Doctors raise alarm about ancient HTLV-1 virus: ‘Prevalence is off the charts’ in Australia

Doctors raise alarm about ancient HTLV-1 virus: ‘Prevalence is off the charts’ in Australia

Source: CNN By Jacqueline Howard,  

An ancient virus infecting residents across Australia’s Northern Territory is leaving death and despair in its path, and doctors are now calling for greater efforts to stop the spread of infections.

The rates of human T-cell leukemia virus type 1, or HTLV-1, infection are exceeding 40% among adults in remote regions of central Australia, with indigenous communities being the hardest hit, especially in the town of Alice Springs.
Many doctors — including the man who discovered the virus nearly four decades ago — are raising the alarm about how little has been done to prevent, test for and treat HTLV-1, which can cause leukemia and lymphoma.

“The prevalence is off the charts” in Australia, said Dr. Robert Gallo, co-founder and director of the Institute of Human Virology at the University of Maryland School of Medicine, whose laboratory was the first to detect HTLV-1 in 1979 and publish the finding in 1980.
Yet “nobody that I know of in the world has done anything about trying to treat this disease before,” said Gallo, who is also co-founder and scientific director of the Global Virus Network and chairs the network’s HTLV-1 Task Force.
“There’s little to almost no vaccine efforts, outside of some Japanese research,” he said. “So prevention by vaccine is wide open for research.”
HTLV-1 — an ancient virus whose DNA can be found in 1,500-year-old Andean mummies — can spread from mother to child, particularly through breastfeeding; between sexual partners, through unprotected sex; and by blood contact, such as through transfusions.

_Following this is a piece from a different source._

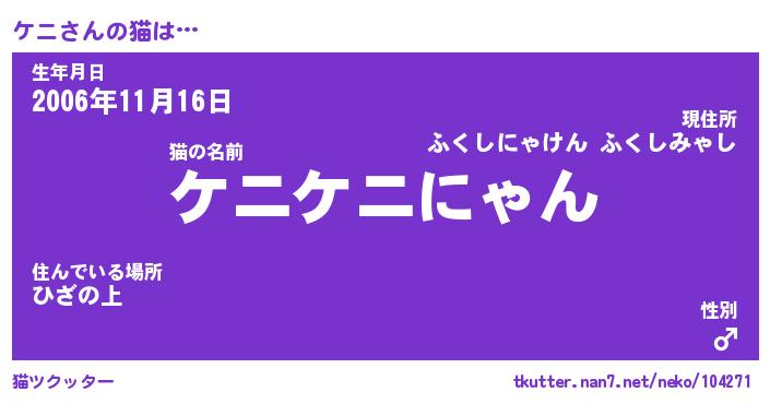 | ポケモン風あだ名 | 『ケニチュウ』『ケニダネ』『ヒケニ』 |
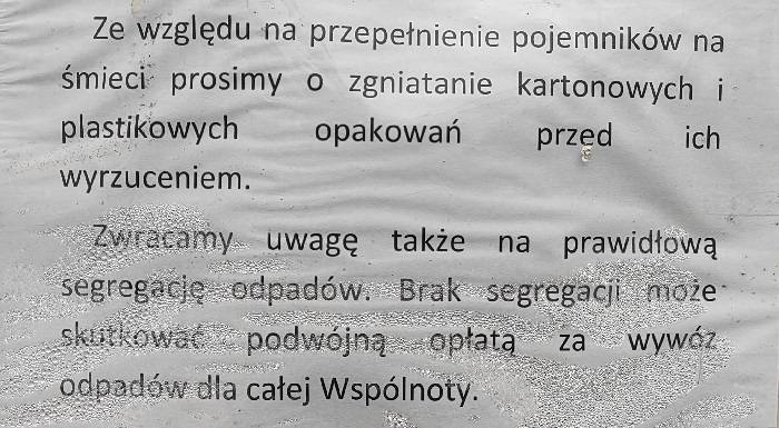 Zwracamy uwagę na prawidłową segregację odpadów. Jej brak może skutkować podwójną opłatą za wywóz odpadów dla całej wspólnoty - takie komunikaty widnieją na wielu śmietnikach i klatkach schodowych w Białymstoku. Umieszczają je i spółdzielnie mieszkaniowe i wspólnoty mieszkańców.

Because it can be transmitted through sex, it’s considered a sexually transmitted infection, or STI.

The virus is associated with myriad serious health problems, such as diseases of the nervous system and a lung-damaging condition called bronchiectasis, and it weakens the immune system. HTLV-1 is sometimes called a cousin of the human immunodeficiency virus, HIV.

An ‘extraordinary’ prevalence in remote Australia

The focus has come about now because of the high prevalence among indigenous Australians, “which is probably the highest-ever reported prevalence in any population,” said Dr. Graham Taylor, a clinician and professor at Imperial College London who runs the United Kingdom’s HTLV clinical service based at St. Mary’s Hospital.
“But if we look globally, we know about HTLV-1 in a number of countries,” he added.